虚假新闻检测论文阅读(二):Semi-Supervised Learning and Graph Neural Networks for Fake News Detection

GA-RPN:引导锚点的建议区域网络

Error in installing pyspider under Windows: Please specify --curl dir=/path/to/build/libcurl solution

D3.js vertical relationship diagram (with arrows and text description of connecting lines)

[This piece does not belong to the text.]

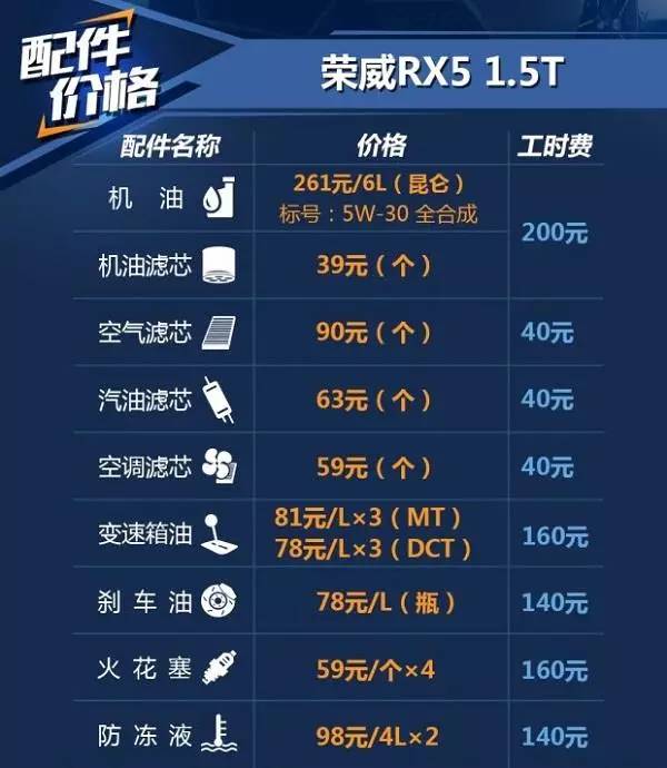 荣威RX5的保养价格清单中,体现了“人工贵于物料”的理念,6L的全合成机油只需261元相比哈弗便宜了不少,然而更换一次机油的工时费就要200元之多!在其他配件更换周期方面,RX5比较正常,例如5万公里更换的防冻液和4万公里更换的火花塞等,比哈弗H6寿命长了一倍。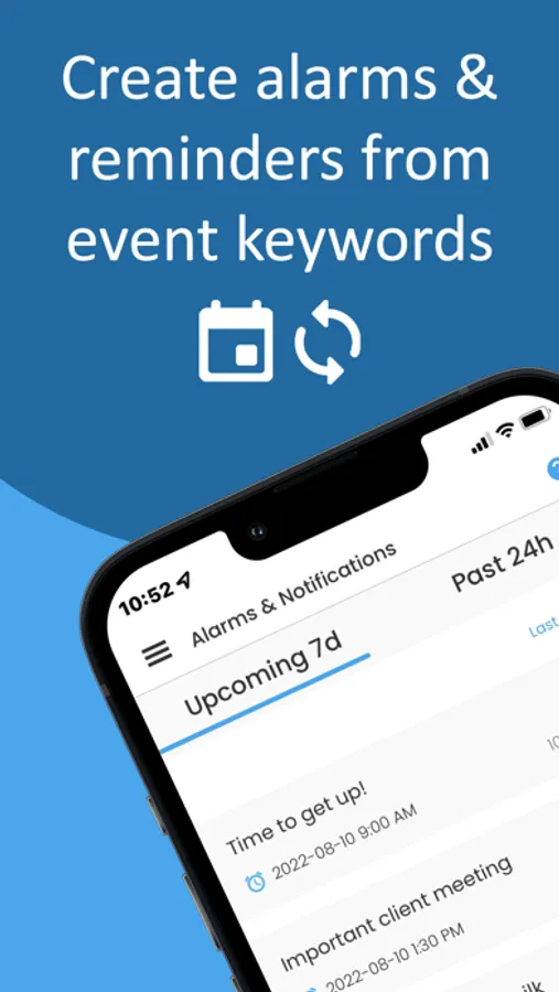 We’ll automatically detect specific keywords (“tags”) you write in your calendar events, generating alarms or notifications that sync to your Power Tags Alarm iOS mobile app and trigger them at the right times.

【Transformer】SOFT: Softmax-free Transformer with Linear Complexity

【语义分割】Mapillary 数据集简介

预训练语言模型的使用方法

迁移学习—Geodesic Flow Kernel for Unsupervised Domain Adaptation
随机推荐
Ffmpeg creation GIF expression pack tutorial is coming! Say thank you, brother black fly?
torch.nn.Embedding()详解
Error in installing pyspider under Windows: Please specify --curl dir=/path/to/build/libcurl solution
3、 How to read video?
Configuration and use of Nacos external database
【目标检测】6、SSD
ML11-SKlearn实现支持向量机
五、图像像素统计
3、 How to customize data sets?
Continue the new journey and control smart storage together
四、One-hot和损失函数的应用
ML15 neural network (1)
[competition website] collect machine learning / deep learning competition website (continuously updated)
Spring, summer, autumn and winter with Miss Zhang (1)
逻辑回归-项目实战-信用卡检测任务(下)
神经网络相关知识回顾(PyTorch篇)
ML8自学笔记-LDA原理公式推导
ASM piling: after learning ASM tree API, you don't have to be afraid of hook anymore
一、迁移学习与fine-tuning有什么区别?
Are you sure you know the interaction problem of activity?